Some shelters, for example, do not allow pets or significant others. Other places have zero-tolerance policies when it comes to drugs and alcohol. But Holmes argued that helping people into housing first can help people address underlying issues that can contribute to their homelessness.

“As a peer, Rodney can help people and relate to people who are moving into The Palms,” Holmes said. “We try to hire among our homeless population because we believe in that peer support model ... and Rodney shows exactly what we are trying to do - break that cycle of addition and recidivism.”

The Palms Inn is one part of a larger countywide initiative to build 2,000 permanent housing units for homeless people in the next decade, with the ambitious goal of ending chronic homelessness by 2025. Building those 2,000 units would cost $110 million, according to county estimates.

Permanent housing at The Palms is seen as especially critical during the rainy and cold winter months, said Holmes and county officials involved in the project.

“So many people are in harm’s way,” said Jim Leddy, special projects director for the Community Development Commission. “This is one way to help.”

Already this winter, the county has declared four “code blue” alerts, which are initiated when temperatures dip below 38 degrees or during extreme rain.

The county is under another “code blue” warning this week, prompting the county and homeless service providers to deploy mobile warming stations in areas with large homeless populations and opens up additional shelters.

“Being outside in this weather right now can be very scary for people who are vulnerable,” Holmes said. “It’s urgent that we get people inside as quickly as possible or people could die outside.”

County officials and Holmes said ultimately, permanent housing is the best solution. Replicating projects like The Palms can help, they said.

“We have all this money to put people into housing, but we just don’t have the units,” Holmes said.

Holmes referenced a problem many low-income people in Sonoma County are facing. After waiting on the Section 8 housing list for years before qualifying for a voucher, tenants have a difficult time finding a landlord to accept them, and increasingly, voucher holders are being skipped over for people who can afford to pay above the market rate in rent, Holmes said.

Housing and services for tenants at The Palms Inn is expected to cost $1.9 million annually, with most of the funding - $1.7 million - from state and federal housing subsidies.

Backed by the Board of Supervisors, the transformation of The Palms Motel into housing for homeless people has been fast-tracked since it began in October.

The Santa Rosa Avenue motel’s owner, Akash Kalia, purchased property in 2012 from his parents, who were struggling financially.
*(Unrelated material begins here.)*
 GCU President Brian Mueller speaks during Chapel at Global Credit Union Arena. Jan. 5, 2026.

He said money from the settlement of a personal injury lawsuit - he’d been hit in the eye with a paintball when he was 12 - made it possible.

Kalia was running the motel as a regular business for three years when he was approached with an idea: Turning the motel into permanent housing, and accepting federal low-income housing vouchers in exchange.
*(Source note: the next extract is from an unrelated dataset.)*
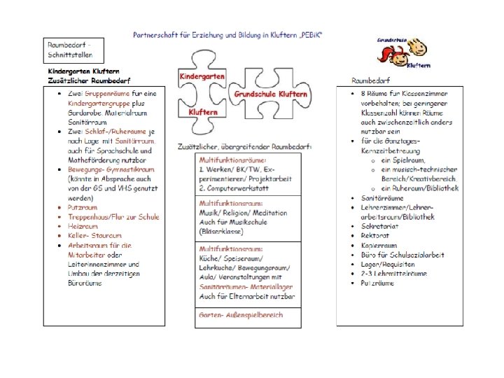 Partnerschaft für Erziehung und Bildung in Kluftern „PEBi. K“ zwischen der Grundschule Kluftern, den Kindergärten Kluftern/Efrizweiler und den Eltern - dringende Platz- und Raumbedarf des Kindergartens Kluftern, rückläufige Schülerzahlen an der GS Kluftern und die Erweiterung des Ganztagesbetriebs der Grundschule. - gemeinschaftliche Nutzung von vorgesehenen Funktionsräume im Kindergarten- und Ganztagesbetrieb der Schule: - Musikraum, Bewegungsraum, Experimentier- und Werkraum, Küche, Mensa, Toiletten, Besprechungsräume, Therapieräume, …

“We’ve seen this in San Francisco and a few other places, but never done this in Sonoma County before,” said Kim Valadez, who runs the Santa Rosa veterans housing voucher program for the Department of Veterans Affairs. “We just don’t have those single-room-occupancy type buildings here, yet we had all these veterans with vouchers in their hands, so we knew we had to do something.”

The site, on the southern stretch of Santa Rosa Avenue near the intersection of Todd Road, will house 60 veterans and 44 chronically homeless people. The project has been slightly delayed due to staffing needs, but organizers said they expect it to open up to tenants by the end of January.

When it opens, nurses, peer support counselors and social workers will provide on-site services, including some medical and mental health care, counseling and more.

Catholic Charities and the VA have partnered to run the program.

Hill also recently got a job driving a mobile shower trailer and restroom for homeless people, a service approved and funded by the Santa Rosa City Council in November.

“Now I have a job, I’ll be able to sleep in my own bed and I’ll be able to cook a hot meal,” Hill said. “Life is going to get easier for me and for some other people. That’s going to help tremendously - nobody wants to be out here.”